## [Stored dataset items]
======

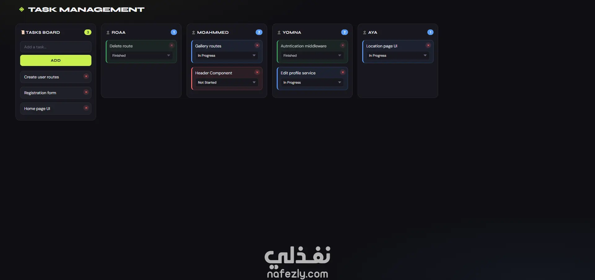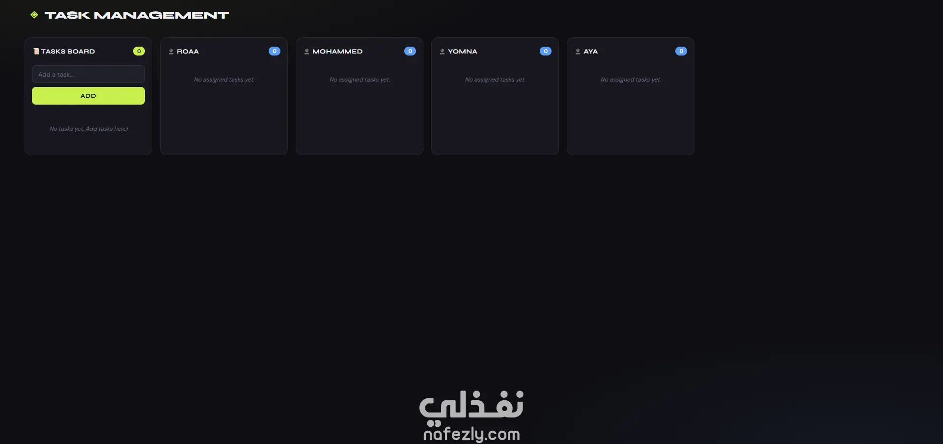 يتيح التطبيق إنشاء لوحة مهام مخصصة لكل عضو في الفريق، مع إمكانية سحب وإفلات المهام بين اللوحات بسهولة. لكل مهمة حالة قابلة للتغيير (لم تبدأ / قيد التنفيذ / مكتملة) مع تلوين تلقائي يعكس الحالة. يدعم التطبيق إضافة المهام وحذفها، وعرض عداد للمهام على كل لوحة، مع واجهة لإدخال أسماء أعضاء الفريق.
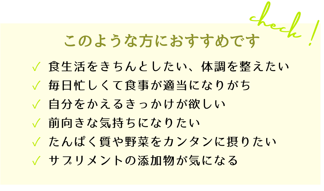 特に1日のはじまりである朝の習慣を変える事で1日の生活リズムが自然と整い、体調やメンタルも良くなり1日が充実したものに生まれ変わります。思った通りの1日が過ごせると気分やモチベーションが上がり、自然と今までは継続できなくてモヤモヤしていた目標などにも前向きに取り組むことができるようになっていきます。MEALWELLで「習慣を変える」をはじめましょう!
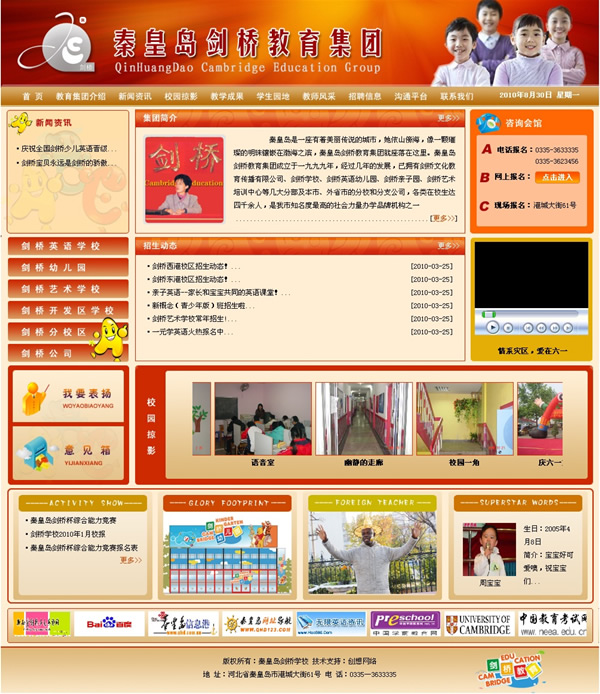 秦皇島是一座有著美麗傳說的城市,她依山傍海,像一顆璀璨的明珠鑲嵌在渤海之濱,秦皇島劍橋教育集團(tuán)就座落在這里。秦皇島劍橋教育集團(tuán)成立于一九九九年,經(jīng)過幾年的發(fā)展,已擁有劍橋文化教育傳播有限公司、劍橋?qū)W校、劍橋英語幼兒園、劍橋親子園、劍橋藝術(shù)培訓(xùn)中心等幾大分部及本市、外省市的分校和分支公司,各類在校生達(dá)四千余人,是我市知名度高的社會(huì)力量辦學(xué)品牌機(jī)構(gòu)之一 。
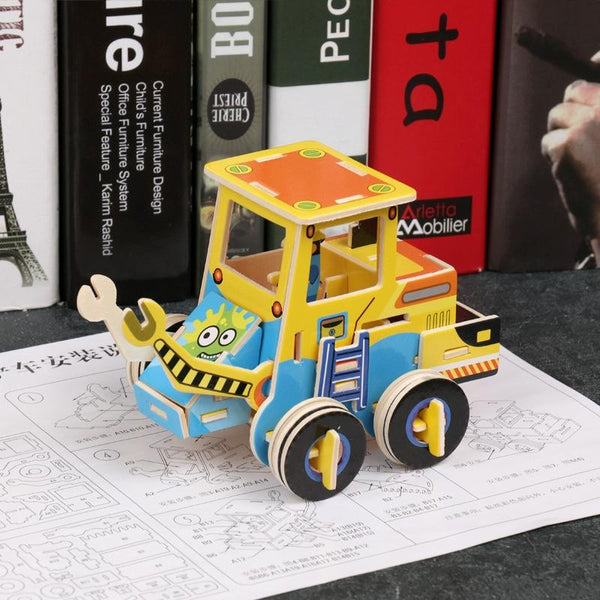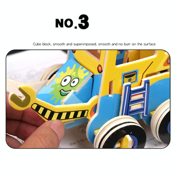 3 PCS 512 Children Wooden Assembled Car Engineering Vehicle Excavator Assembling Toy(Forklift)
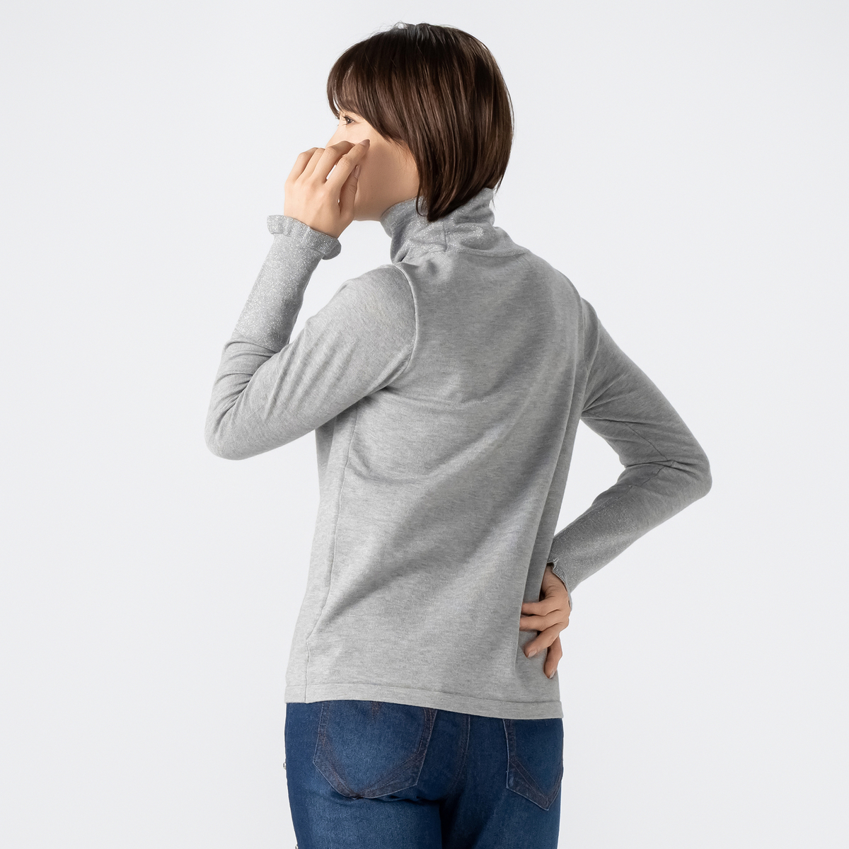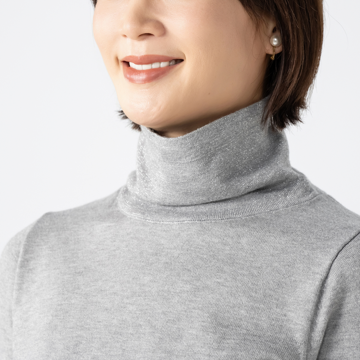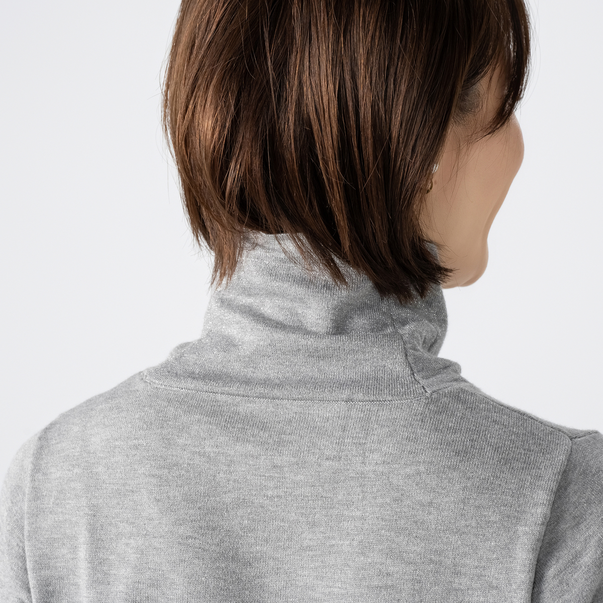衿はW付け仕様で、ラメが直接肌に触れない工夫を施しました。シンプルなタートルネックなので、ジャケットやコートのインナーとしても使いやすく、デイリーからお出かけまで幅広く活躍します
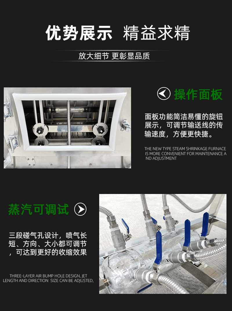 - 控制系統(tǒng):用于調(diào)節(jié)蒸汽溫度、輸送速度等參數(shù),以滿足不同產(chǎn)品的包裝需求。
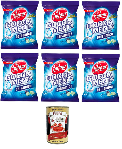 Dufour Goccia Menta Caramella Ripiena Balsamica Menthol Balsamic Sweets 6 x 150 g + Italian Gourmet Polpa 400 g
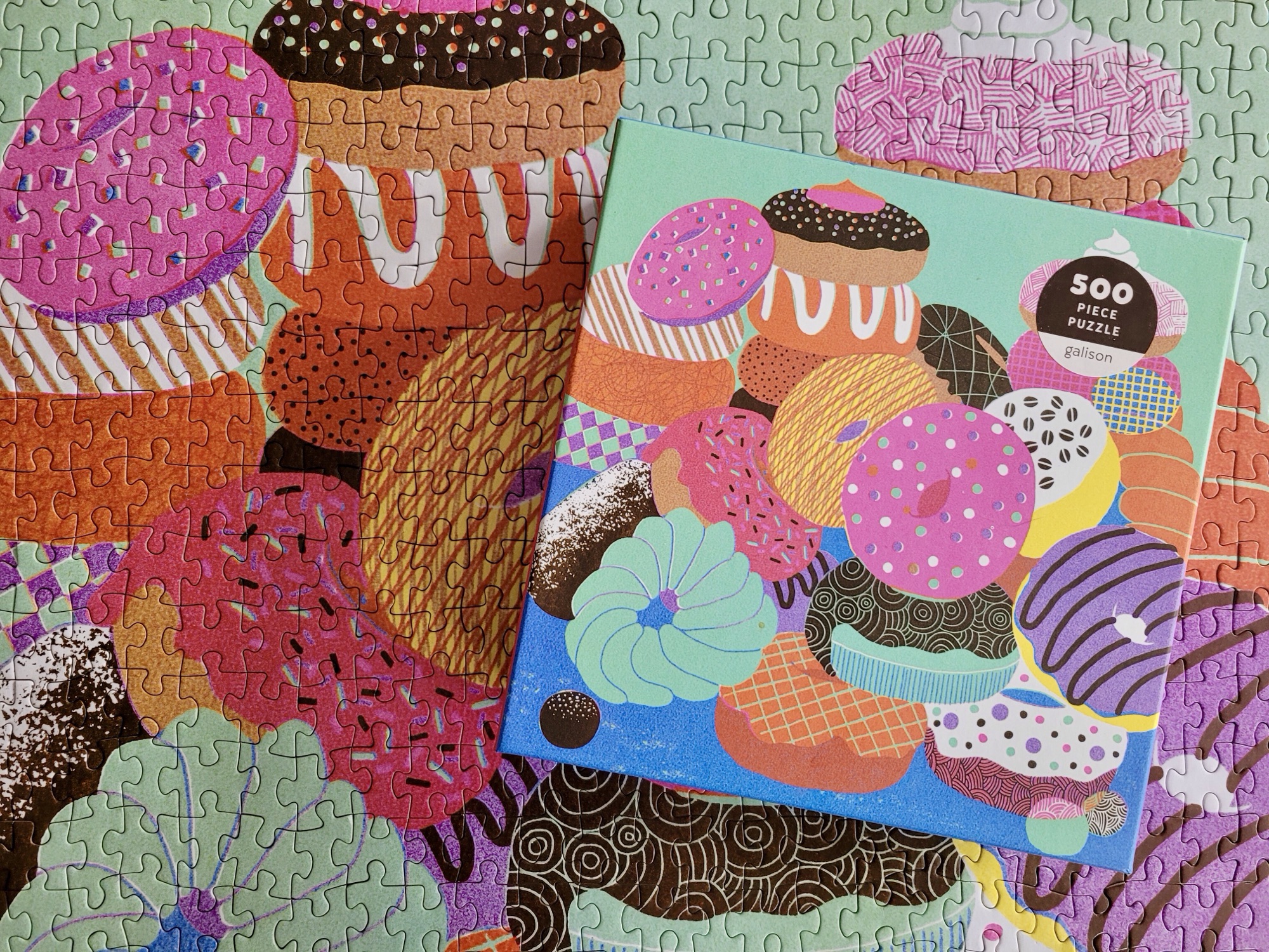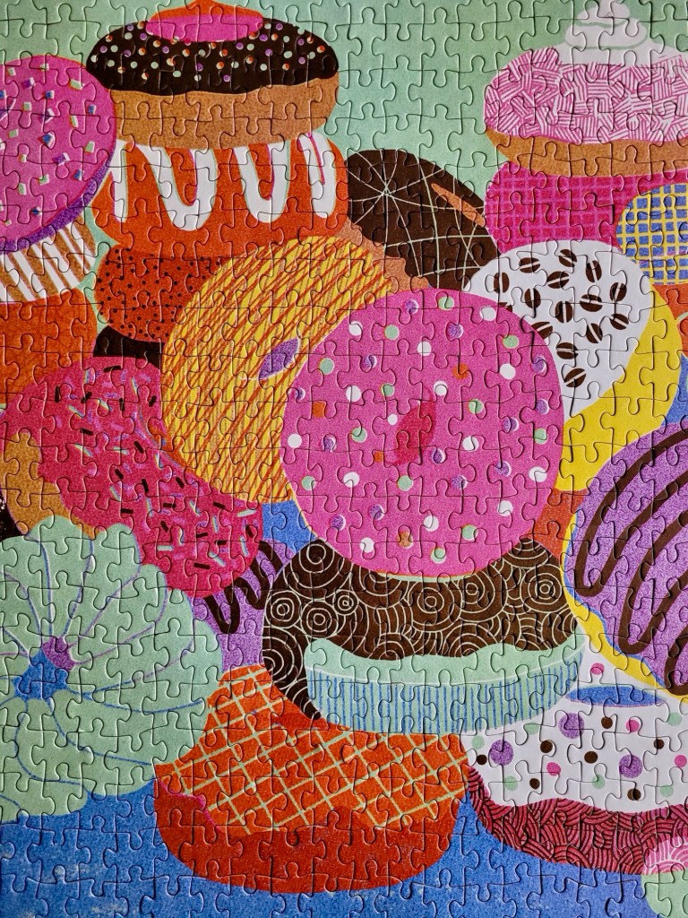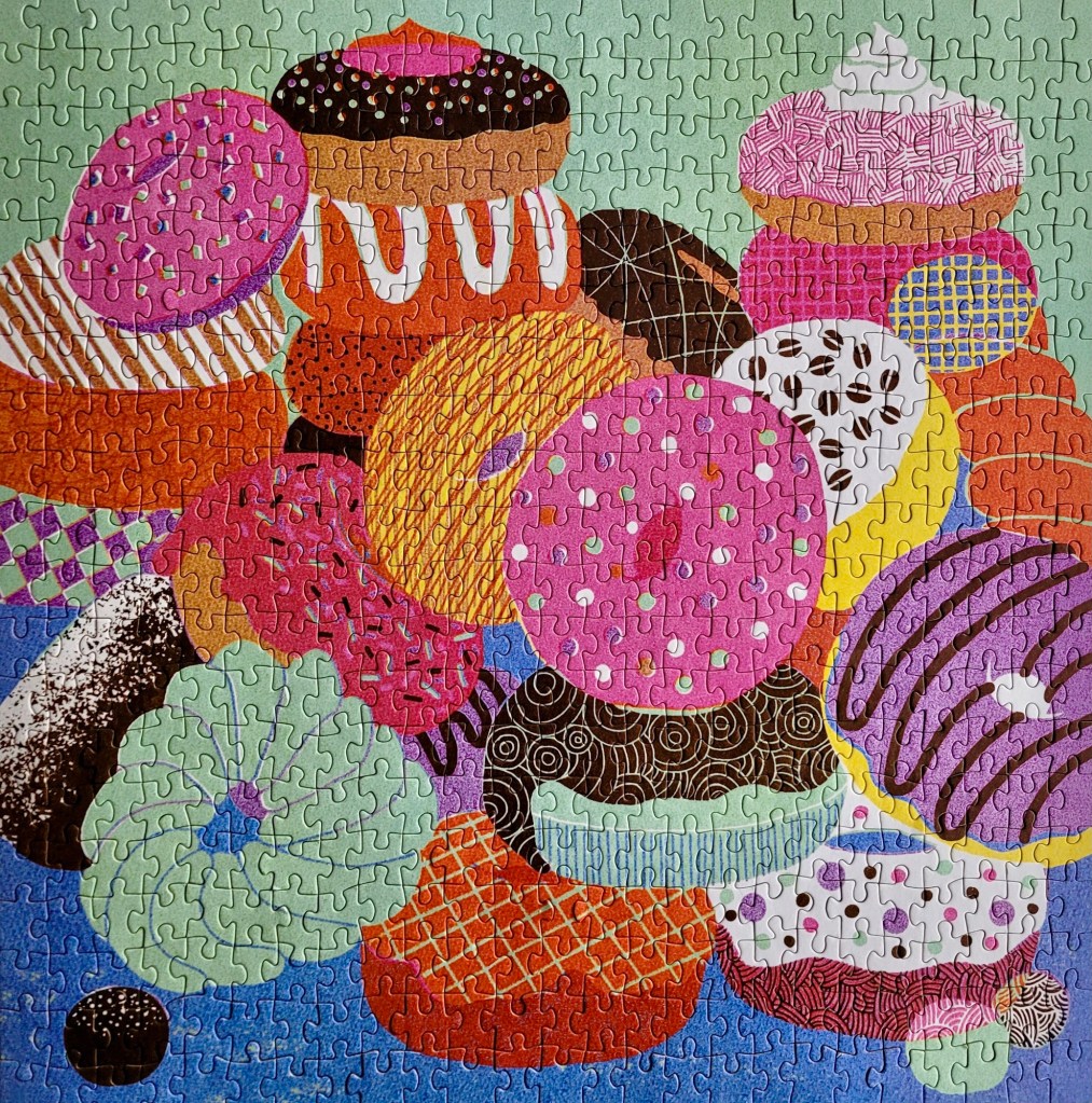 As I mentioned, this was a quick puzzle, meditative, relaxing and fun! It’s a 500 piecer from Galison, it’s complete and the colours and patterns were fabulous to work with. I also have a donut craving that just won’t go away!

======

## [Activity]
Please write out, word for word, each line from the one with "- 控制系統(tǒng):用" to the last line of the data, keeping both ends and omitting pictures.

## [Answer space]
 - 控制系統(tǒng):用于調(diào)節(jié)蒸汽溫度、輸送速度等參數(shù),以滿足不同產(chǎn)品的包裝需求。
 Dufour Goccia Menta Caramella Ripiena Balsamica Menthol Balsamic Sweets 6 x 150 g + Italian Gourmet Polpa 400 g
 As I mentioned, this was a quick puzzle, meditative, relaxing and fun! It’s a 500 piecer from Galison, it’s complete and the colours and patterns were fabulous to work with. I also have a donut craving that just won’t go away!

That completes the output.